= Watkin George =

Welsh carpenter, engineer and ironmaster

Watkin George (1759-1822) was an carpenter, engineer and ironmaster from Trevethin in Monmouthshire. He rose from humble beginnings as a carpenter to have a major influence on ironworks at Cyfartha and Pontypool and is responsible for the design of early cast-iron bridges.

==Early life==

Little is known about George's early life except that he was born in Trevethin around 1759 and that his father, who was also called Watkin George, died in 1787.

==Career==

Again, little is known about George's early career but from about 1790 to 1794 he was possibly working on iron girder bridges over the Glamorganshire Canal.

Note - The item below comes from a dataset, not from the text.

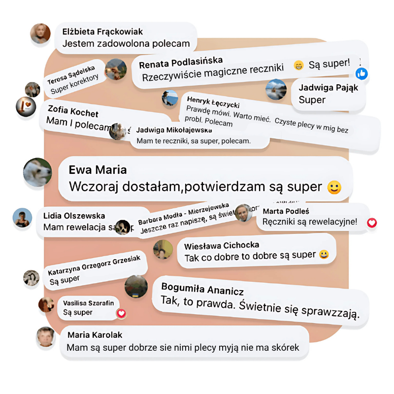 Już po pierwszej kąpieli skóra jest wyraźnie gładsza i lepiej chłonie balsam. Ręcznik szybko schnie, więc masz świeże, higieniczne akcesorium następnego dnia.
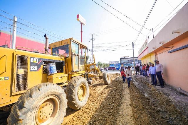 Reynosa, Tam.- El Presidente Municipal Carlos Peña Ortiz supervisó el avance en la construcción de la pavimentación de la calle Nuevo Laredo en la colonia Revolución Obrera, a donde acudió acompañado por funcionarios municipales y de la COMAPA.

He was made a partner in Cyfartha ironworks in 1792 by the owner Richard Crawshay. The works expanded over the next few years, developing Henry Cort's puddling process, to become the largest ironworks in the world by 1806.

During this period Watkin George also constructed or designed Pont-y-Cafnau (1792-93 - an iron tramway bridge and aqueduct), Gwynne water aqueduct (1793-96 - a timber trestle structure 185m long, part of which ran over Pont-y-Cafnau), Melingriffith water pump (Note: Until recently John Rennie was assumed to be the designer of the waterwheel. Although Rennie was consulted on the waterwheel there is little evidence that Rennie's advice was heeded and the design is that of Watkin George.) (1793-1795), Aeolus waterwheel (1793-97 - a 50 ft diameter cast iron waterwheel), the Merthyr Bridge (1799-1800 - a single shallow arch of cast iron), and Ynysfach Ironworks (1801 - the two blast furnaces bore his initials).

Around 1805 Watkin George left Cyfartha to become a partner at Pontypool Ironworks where he undertook a number of changes including the demolition of a wire works at Pontymoile, a new tinplate works and waterwheel at Pontymoile and two tinplate works at Lower Mill, near Pontymoile. After George left Cyfartha he was described later (1807) as having ..."lately quitted the concern with from thirty to forty thousand pounds in his pocket. This is one among the most remarkable instances of wealth acquired by the untutored ingenuity of the natural faculties." The partnership with Capel Hanbury Leigh at Pontypool proved successful and after the first two years George received £8,300 in profits.

In 1811 George submitted plans for a bridge at Chepstow. The bridge was eventually built to a design by John Rastrick in 1816.

==Family life==

On 20 September 1789 George married Anne Jenkins (1760-1845, also from Trevethin) at Llanhilleth. They had two or three children, Hannah (1793) Anne (1794) and Watkin (1795). Watkin George died on 10 August 1822 and is buried at St Cadoc's Church, Trevethin.

==Legacy==

Pont-y-Cafnau and Melingriffith Water Pump both survive and are scheduled monuments (Pont-y-Cafnau is also a Grade II* listed building). The Iron Bridge at Merthyr was dismantled in 1963. The remaining parts are stored at Cyfarthfa Castle.